15. Readiness for omicron specific vaccine
Since the previously developed vaccines are not entirely efficacious, Pfizer-BioNTech and Moderna, the manufacturers of the two mRNA vaccines, claimed that they could make an mRNA-based vaccine against Omicron in 100 days (Burki, 2021). Encouraging updates from Pfizer and BioNTech as well as Moderna in the preparation of Omicron-specific vaccine (Mahase, 2021c) could lead to an optimistic future to combat the Omicron variant of SARS-CoV-2.The continuous evolution of SARS-CoV-2 and the situation being out of control contributes to the COVID-19 pandemic's prolongation, putting the entire world at risk of COVID-19 and its devastating impacts on global health and severe economic consequences (Petersen et al., 2022). However, opinion of evolutionary biologist Jesse Bloom is somewhat relieving who is telling that Omicron would not be eradicated, rather it will permanently establish itself in human like other seasonal CoVs and have been circulating in human being since decades (Callaway, 2021c).

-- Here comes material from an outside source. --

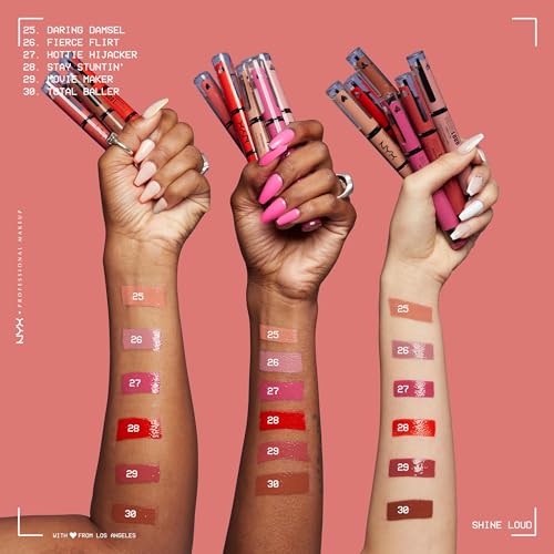 Experience the ultimate in lip colour with NYX Professional Makeup Lip Gloss, High Pigment, Long Lasting Lip Shine, No Transfer, Shine Loud, 29 Movie Maker. Achieve vibrant, high pigment colour in just one swipe with options like 01 Rebel In Red for a daring look or 03 Ambition Statement for elegant allure. Both variations boast a long-lasting, no transfer formula that keeps your lips looking glossy and pristine for hours. The lip gloss’s unique blend provides a rich, comfortable wear without feeling sticky or heavy, making it perfect for any occasion. With NYX’s Shine Loud collection, enjoy a radiant, long-lasting lip shine that stands out and stays put.

16. Therapeutic advances against omicron
Several repurposed drugs including antivirals and immunotherapies (antibodies-based) have been suggested for use in emergency purposes to ameliorate the disease severity in patients with COVID-19, while many drugs and therapies are still under investigations and trials, however most appropriate choices are still awaited to define optimal COVID-19 treatment (Bae et al., 2021; Rabaan et al., 2021; Zou et al., 2021; NIH, 2022). In this section, we are presenting some recent advances in drugs and therapies which could be suitable for Omicron.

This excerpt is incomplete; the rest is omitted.